◆ About this task: Exact reproduction is required for the lines below starting at the line with "Men's Personalized Rhinestone" and ending at the line with "Bước 3: Đổ khuôn và Hấp bánh", both included. No other lines, and no pictures.

◆ Records for the exercise:
····················
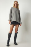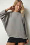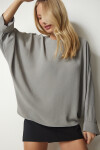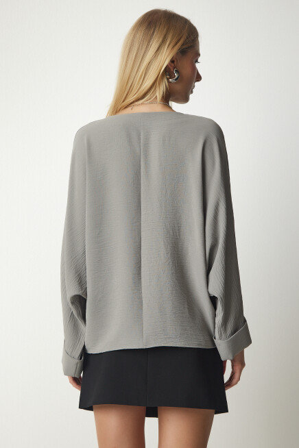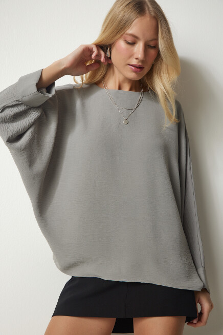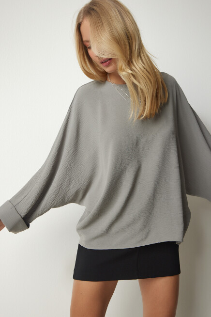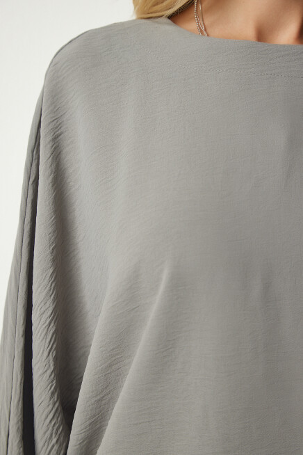 Bisiklet yaka, yarasa kollu, geniş kesim, dökümlü ayrobin bluz
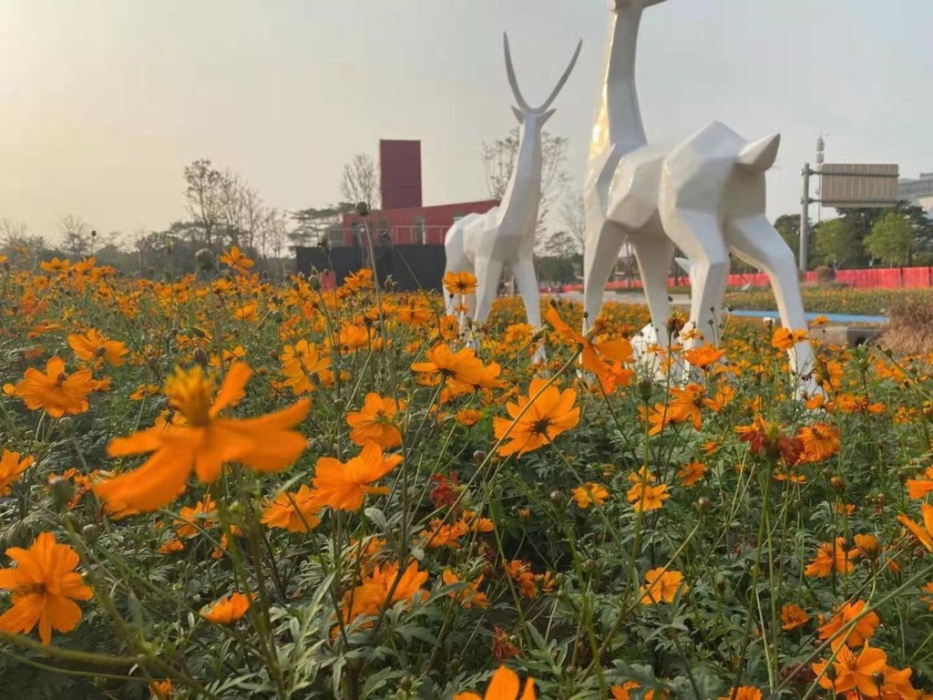广东 的冬天很温暖,大片金黄色的波斯菊已然盛放,烂漫的花海与蓝天白云构成一幅色彩缤纷的画卷。
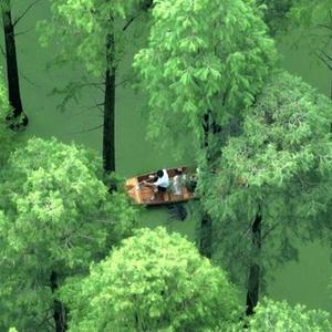 当日是中伏,在江苏省扬州市江都区渌洋湖湿地公园内“水上森林”,游客在水杉林中穿梭游览,享受夏日清凉。
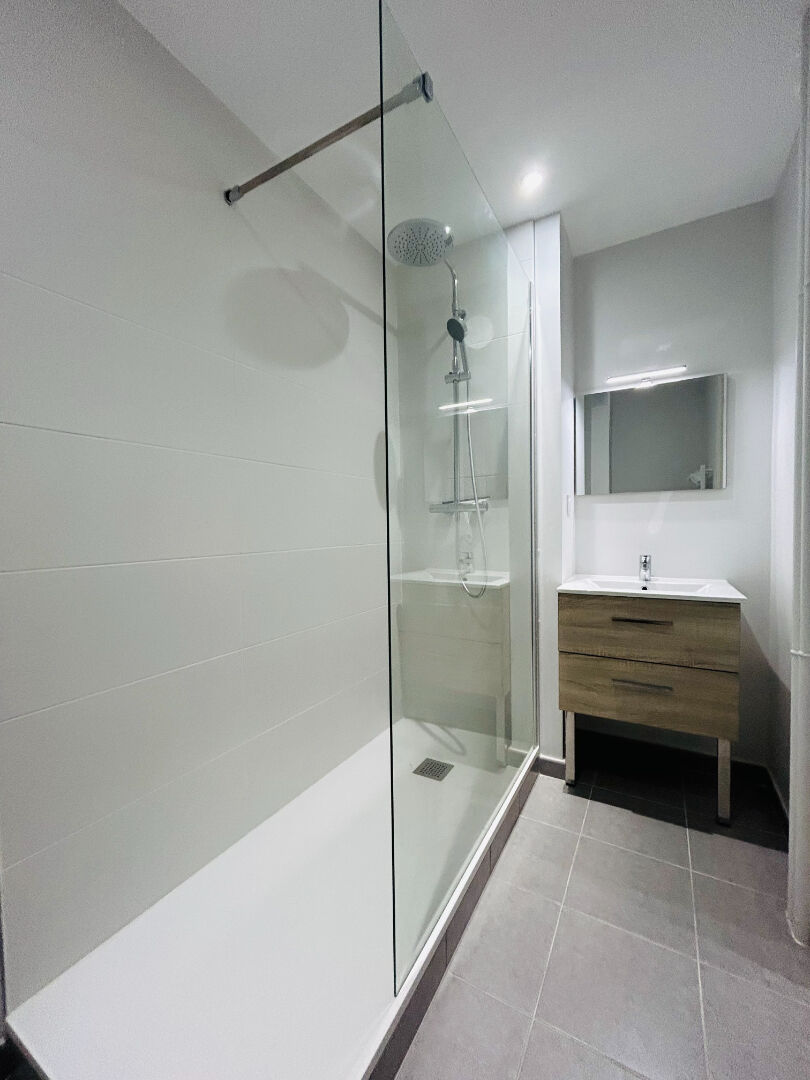 Séjour avec cuisine ouverte équipée (four, micro-ondes, lave-vaisselle, plaques induction, frigo-congélateur, lave-linge), 1 salle d’eau, WC séparé, balcon.
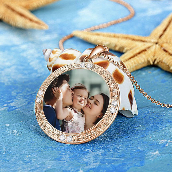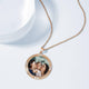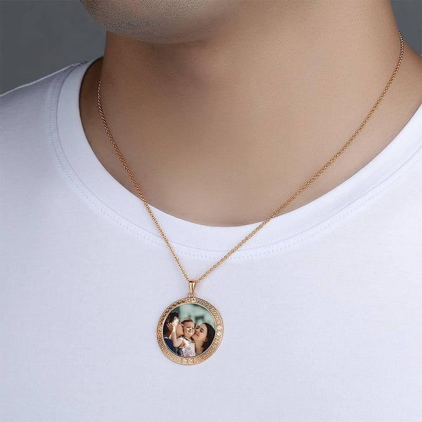 Men's Personalized Rhinestone Crystal Round Shape Photo Engraved Necklace Rose Gold Plated - Colorful
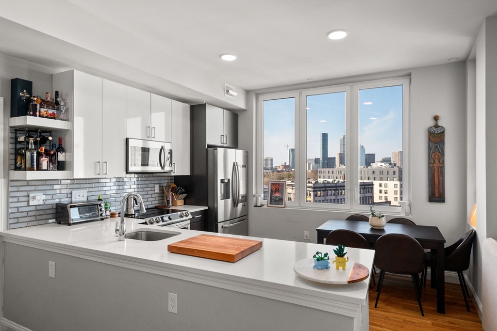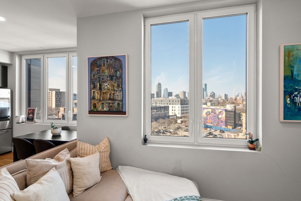 Penthouse living in the heart of Nubian Square. This modern, professionally managed building offers concierge service, 2 elevators and a welcoming residential lobby designed for comfort and ease. Unit #608 features an open layout with 9-foot ceilings, oversized triple-pane windows, and stunning skyline views, creating a bright and inviting living space. The sleek kitchen with a large peninsula is perfect for both everyday living and entertaining, while the in-unit Bosch washer/dryer adds convenience. Enjoy a quiet, well-maintained community just minutes from Boston Medical Center, Longwood Medical Area, Northeastern University, and downtown Boston. With easy access to public transit, major highways, parks, and neighborhood dining, this location is ideal for young professionals, graduate students, and city residents seeking both accessibility and a peaceful place to call home.
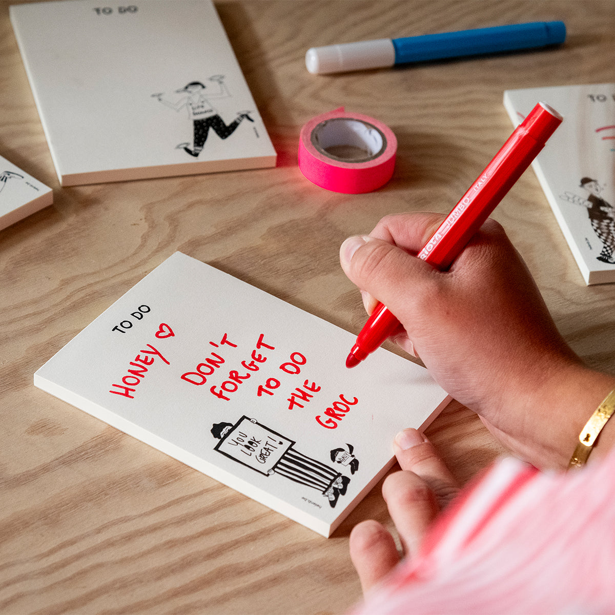 Blocnote van wit gerecycleerd papier met illustratie van helen b
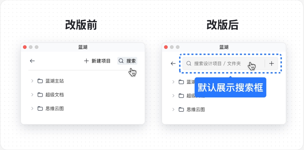 展示搜索框的表面,是节省了一步点击,但思考下来,用户真正诉求,是想更快地找到想要的搜索结果。「最近上传」模块,将最近上传的 5 个项目倒序展示,方便大家快速找到最近上传的项目,提有效率。
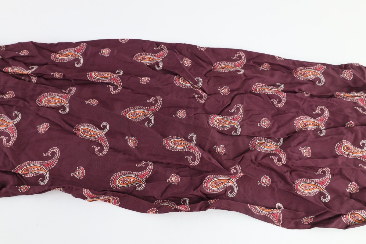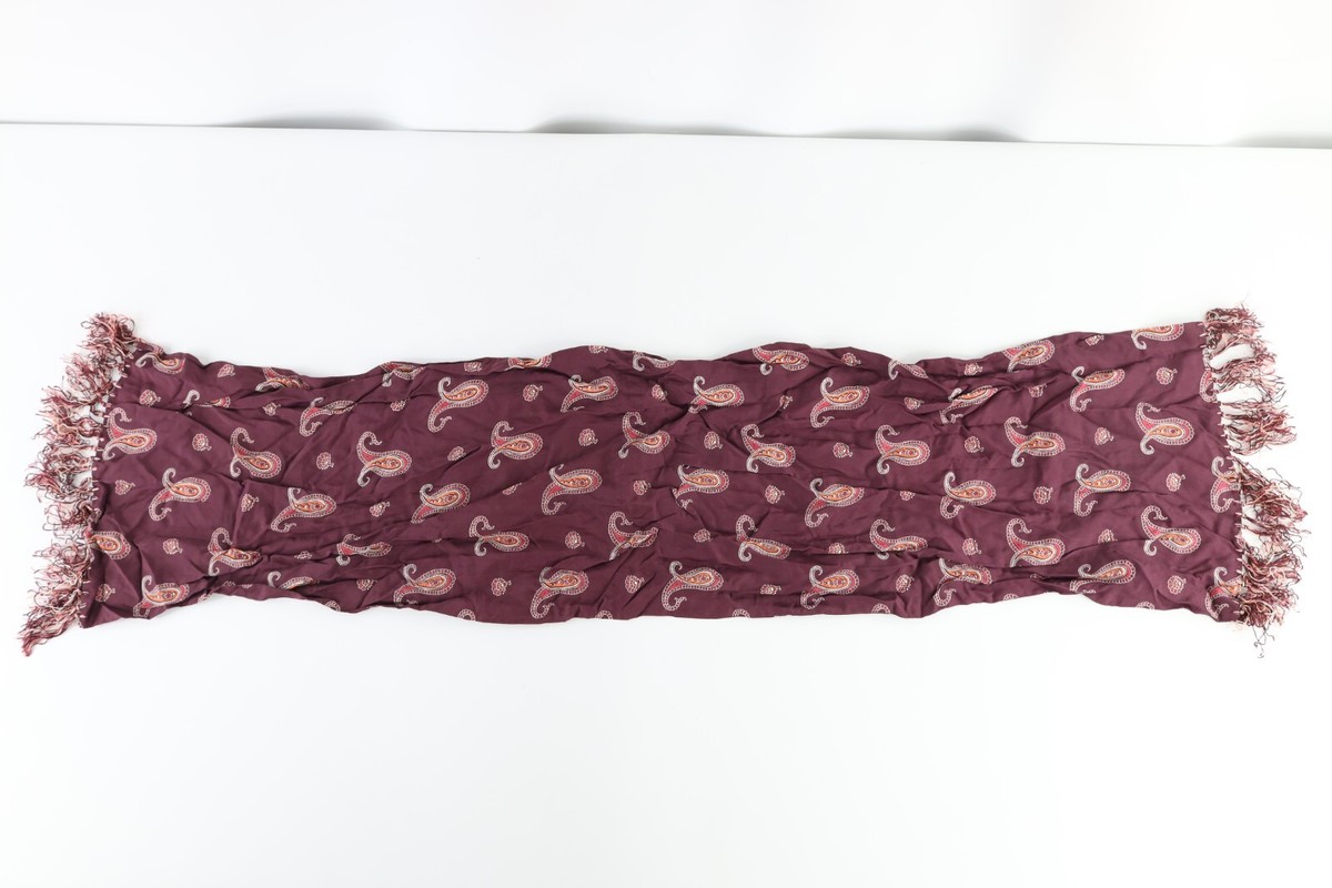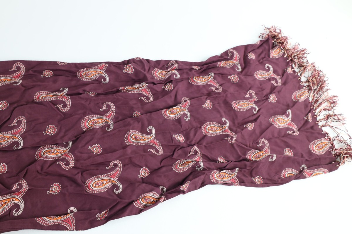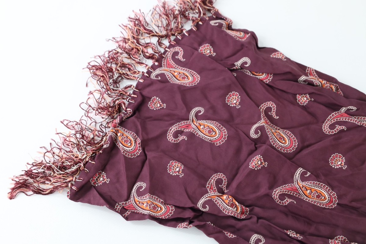 Vintage 40s 50s Rockabilly Paisley Silk Fringed Tassel Scarf Wrap Maroon USA
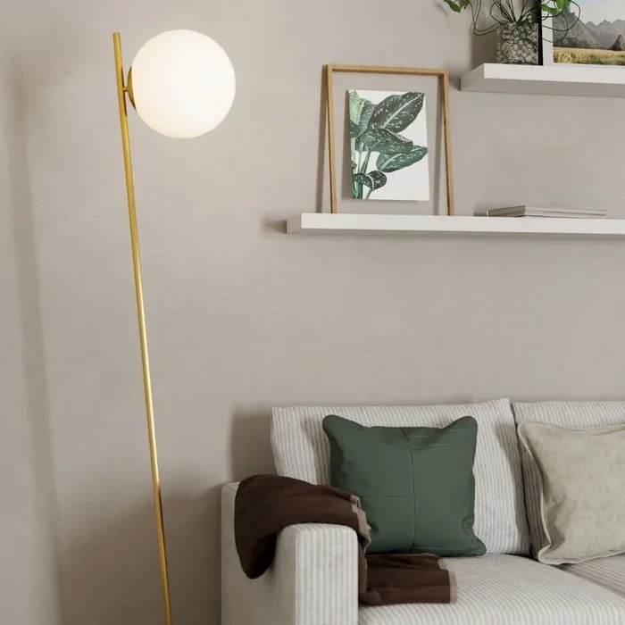 Rondo Brushed Brass & Opal Glass Floor Lamp
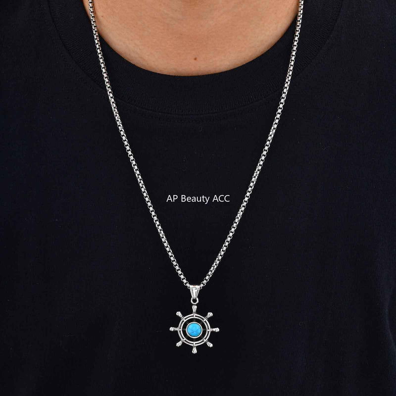 G廠-不鏽鋼復古項飾品船舵水手掛墜海軍潮牌船舵綠松石吊墜「PN-2234」25.11-2
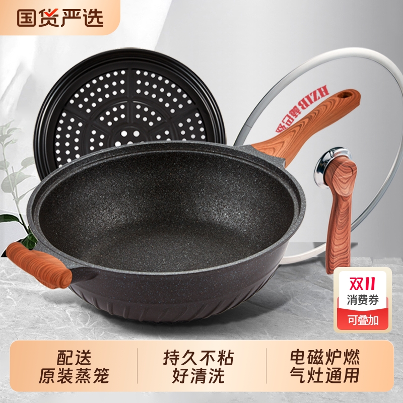 麦饭石炒锅不粘锅家用炒菜无油烟燃气灶电磁炉专用炒菜锅正品锅具
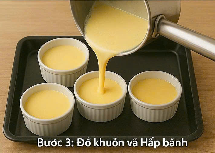 Bước 3: Đổ khuôn và Hấp bánh
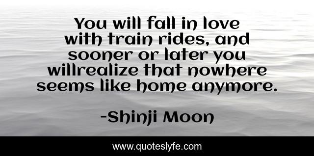 This page presents the quote "You will fall in love with train rides, and sooner or later you willrealize that nowhere seems like home anymore.". Author of this quote is Shinji Moon. .
····················
◆ Task answer:
 Men's Personalized Rhinestone Crystal Round Shape Photo Engraved Necklace Rose Gold Plated - Colorful
 Penthouse living in the heart of Nubian Square. This modern, professionally managed building offers concierge service, 2 elevators and a welcoming residential lobby designed for comfort and ease. Unit #608 features an open layout with 9-foot ceilings, oversized triple-pane windows, and stunning skyline views, creating a bright and inviting living space. The sleek kitchen with a large peninsula is perfect for both everyday living and entertaining, while the in-unit Bosch washer/dryer adds convenience. Enjoy a quiet, well-maintained community just minutes from Boston Medical Center, Longwood Medical Area, Northeastern University, and downtown Boston. With easy access to public transit, major highways, parks, and neighborhood dining, this location is ideal for young professionals, graduate students, and city residents seeking both accessibility and a peaceful place to call home.
 Blocnote van wit gerecycleerd papier met illustratie van helen b
 展示搜索框的表面,是节省了一步点击,但思考下来,用户真正诉求,是想更快地找到想要的搜索结果。「最近上传」模块,将最近上传的 5 个项目倒序展示,方便大家快速找到最近上传的项目,提有效率。
 Vintage 40s 50s Rockabilly Paisley Silk Fringed Tassel Scarf Wrap Maroon USA
 Rondo Brushed Brass & Opal Glass Floor Lamp
 G廠-不鏽鋼復古項飾品船舵水手掛墜海軍潮牌船舵綠松石吊墜「PN-2234」25.11-2
 麦饭石炒锅不粘锅家用炒菜无油烟燃气灶电磁炉专用炒菜锅正品锅具
 Bước 3: Đổ khuôn và Hấp bánh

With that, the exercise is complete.